図10(5)に示すような従来の三角形状のいなり寿司6の場合、略正方形状の油揚げ1を対角線上に切断した略直角二等辺三角形の味付け油揚げ1にシャリ塊5を挿入し、三角形状のいなり寿司6の略直角二等辺三角形の鋭角部分を互いに折り曲げ、その折り曲げた部分を互いに重ね合わせシャリ塊5を包み込む。
つまり、上皮層1aと下皮層1bが連なる油揚げ1の側部1d付近を折り曲げ、その折り曲げた部分を互いに重ね合わせているが、側部1d付近は、もともと厚みのある側部1dが、真空状態にされて密封されたまま、加熱されることによって、潰され、皺ができるため、側部の油揚げがダメージを受け不連続な状態になり、上皮層1a及び下皮層1bの連続面に比べて強度が弱くなる。その側部をそれぞれ広げながらシャリ詰めし、折り曲げるとき、側部1dが破れる場合があった。

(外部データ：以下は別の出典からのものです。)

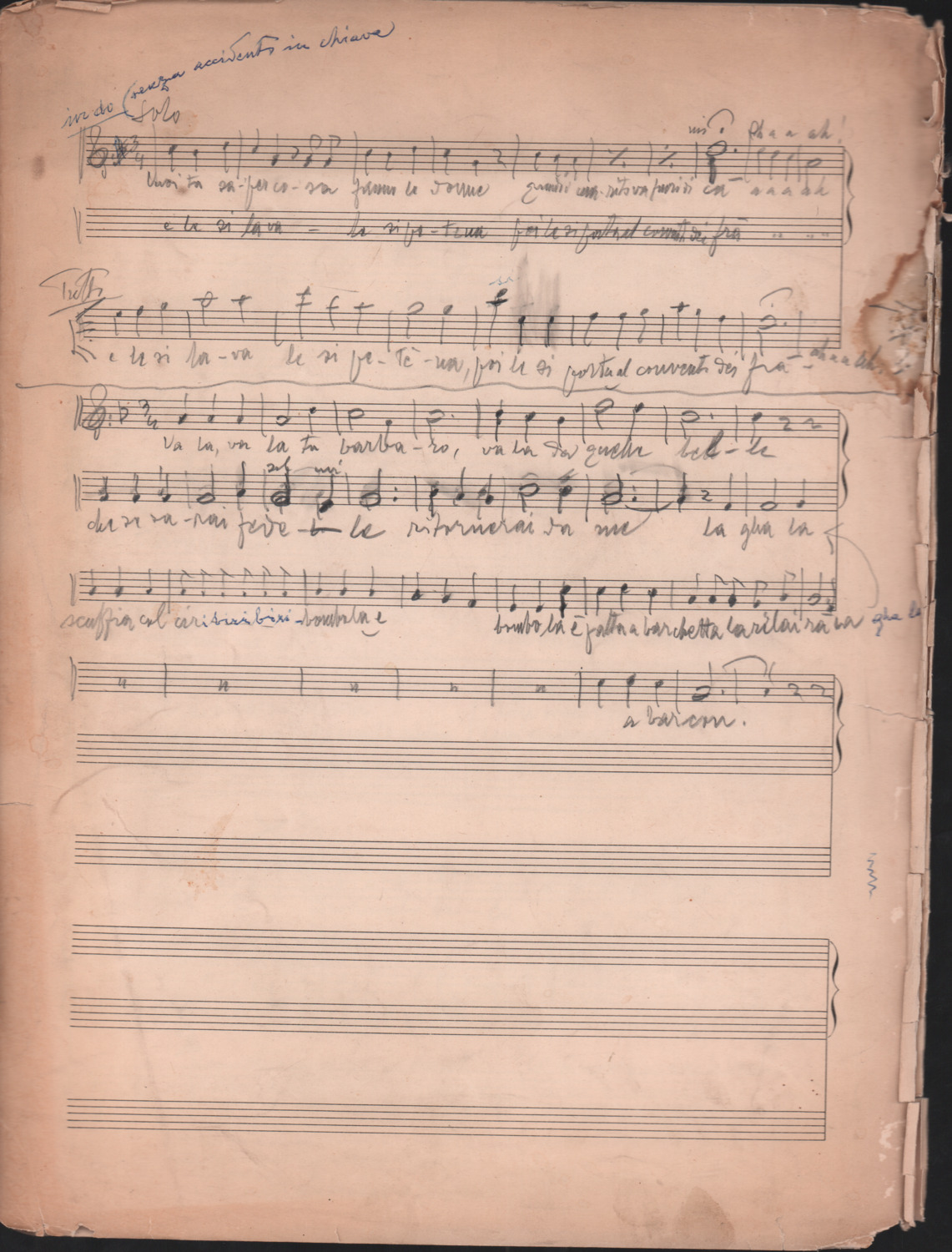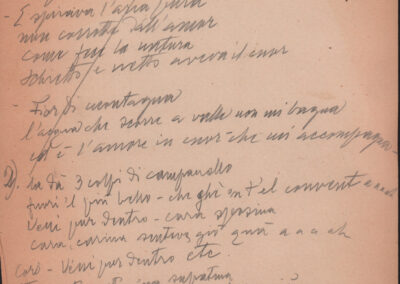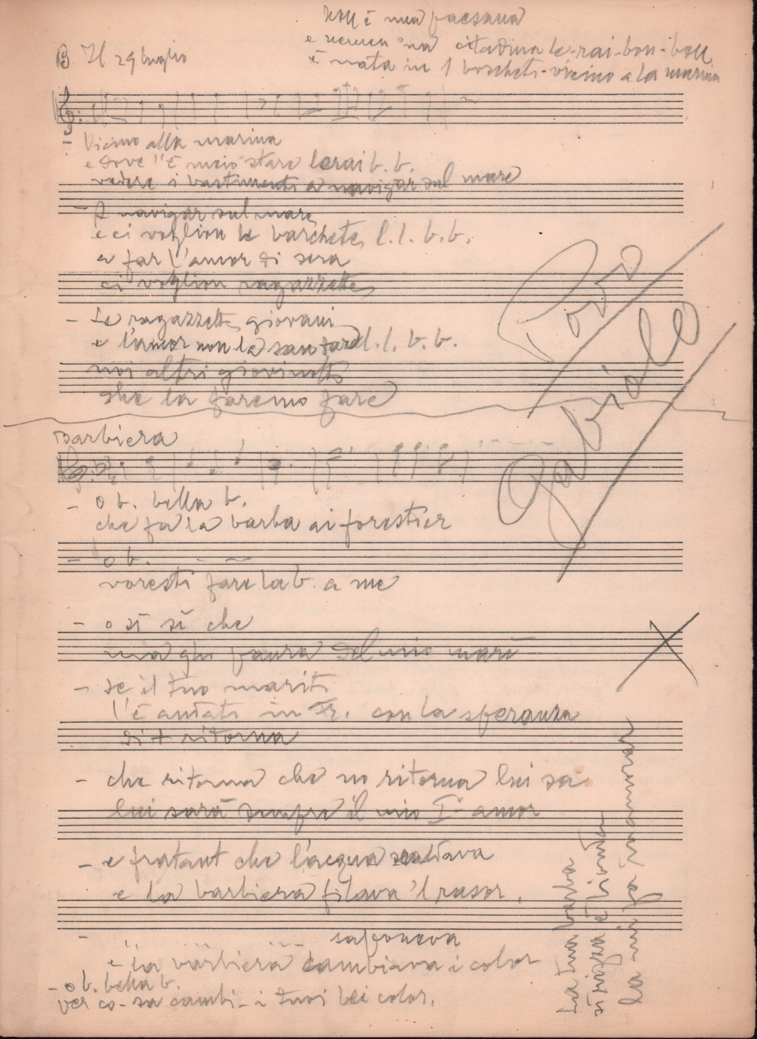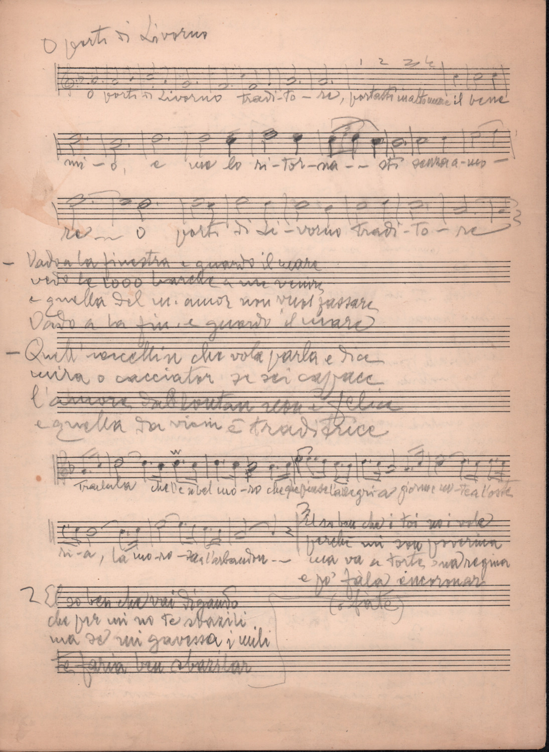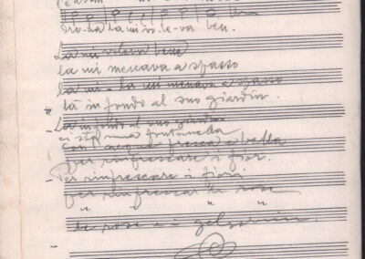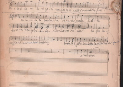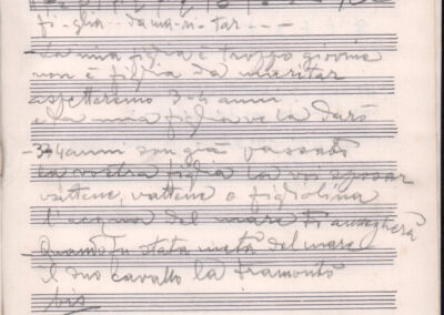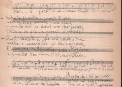 F.12.1.14 - Partitura dei canti Il 24 luglio, Barbiera, Fuggiamo amante mio fuggiamo nel deserto, E picchia picchia alla porticella, Noi siam quattro bei giovanotti, Siamo partiti da Trento, O porto di Livorno, manoscritto di Luigi Pigarelli su foglio con pentagramma. 2 cc.

しかし、本発明の三角形状のいなり寿司6によれば、図5(3)に示すように、上皮層1a側と下皮層1b側をそれぞれお互い重ね合わせるだけで良いので、従来のように折り曲げるという作業も必要なく、油揚げ1が破れるといったことも従来に比べれば非常に少なくなった。
また、従来の油揚げ1を折り曲げ、重ね合わせるとき、図10(1)(2)(3)に示すように、いなり寿司6を90°回転させるように持ち替えて包み込んでいたため、作業が煩雑であった。この持ち替える作業は、特に大量生産する場合に作業効率が悪くなっていた。
しかし、本発明の場合、図5に示すように、味付け油揚げ1にシャリ塊5を入れた状態から、いなり寿司6を持ち替えずに容易に上皮層1aと下皮層1bをそれぞれお互い重ね合わせることが可能となり、簡便にいなり寿司6を成形することが可能となり、作業効率が向上した。
(いなり寿司について)
また、このような工程によって製造された三角形状のいなり寿司6は、略正方形の味付け油揚げ1の隣り合う2辺に切り口を設け開口した油揚げ1に、シャリ塊5を挿入することで、味付け油揚げ1の側部1dが、三角形状のいなり寿司6の両斜辺部6cに位置し、三角形状のいなり寿司6の表裏面6bがそれぞれ、上皮層1a又は下皮層1bのみによって構成される(図5(3))。
よって、三角形状の両斜辺部6cに、着色が濃く、皺が多く、形状跡を有する側部1dが位置し、需要者が最も注目する三角形状のいなり寿司6の表面6aと裏面6bは比較的着色の違いがなく、皺も少なく、形状跡のない上皮層1aと下皮層1bがそれぞれ位置する。つまり、従来のいなり寿司(図10(5))と異なり、本発明の実施例1のいなり寿司6の略二等辺三角形状の表面6aと裏面6bの対称軸6f付近に側部1dが位置しない。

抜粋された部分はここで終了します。